In overruling point of error no. 4, we hold that the trial court had sufficient evidence to find that the witness, LaNelle Williams, was qualified under Tex.Rev.Civ. Stat.Ann. art. 3737e (Supp.1978-79), to testify concerning plaintiffs’ exhibits 4, 5 and 6. She testified that: 1. She did not have a personal knowledge to such exhibits. 2. Plaintiff is a part of Farmers Insurance Group by whom she had been employed 17 years, and for whom she is now an accounts supervisor. 3. She had custody of the permanent books and records of Farmers Insurance Group which were kept in the usual and regular course of business by one with personal knowledge of the act, event or occurrence therein contained, being made at or near the time of transaction recorded in such books.
For the reasons stated, we affirm the judgment of the trial court.
OPINION ON MOTION FOR EXTENSION OF TIME TO FILE STATEMENT OF FACTS
PER CURIAM.
Judgment in this case was signed by the trial court on December 27,1977. The transcript was filed with the clerk of the court of civil appeals within the required sixty-day period. Tex.R.Civ.P. 386. However, no statement of facts was filed with the clerk of this court within the required sixty-day period.

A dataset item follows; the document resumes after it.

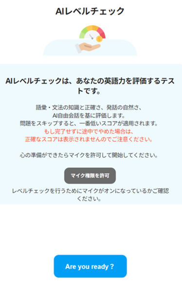 初回会員登録時に行う「AIレベルチェック」では、所要時間約15分 問題数31問(語彙・文法・発話・AI自由会話)に回答をしていただきます。結果はCEFR(※)や資格試験のレベル、およびイーオン独自基準の10段階でAIが判定します。

The attorney for appellant has filed a motion to extend the time in which to file the statement of facts. In his motion, the attorney says that upon receiving the transcript from the clerk of the trial court, he learned “that the Statement of Facts was not included with the Transcript as requested.”
We are confronted with the situation where the attorney mistakenly requested his statement of facts from the clerk of the trial court rather than the court reporter. The issue before us is whether we should grant an extension of time for filing the statement of facts under these circumstances.
Tex.R.Civ.P. 21c(l) provides:
“An extension of time may be granted for late filing in a court of civil appeals of a transcript, statement of facts, motion for rehearing, or application to the supreme court for writ of error, if a motion reasonably explaining the need therefor is filed within fifteen (15) days of the last date for filing as prescribed by the applicable rule or rules.” (Emphasis added.)
*171The term “reasonably explaining” as used in Tex.R.Civ.P. 21c was construed by our supreme court in Meshwert v. Meshwert, 549 S.W.2d 383 (Tex.1977). Our supreme court wrote:
“We hold, . . . that ‘reasonably explaining’ means any plausible statement of circumstances indicating that failure to file within the sixty-day period was not deliberate or intentional, but was the result of inadvertance, mistake or mischance.” Id. at 384.
We have concluded that an attorney who has requested the statement of facts from the clerk of the trial court rather than the court reporter has made a “mistake”. Such a mistake is a reasonable explanation within the meaning of Tex.R.Civ.P. 21c so as to authorize the late filing of a statement of facts.
Appellants’ motion for extension of time to file a statement of facts is granted.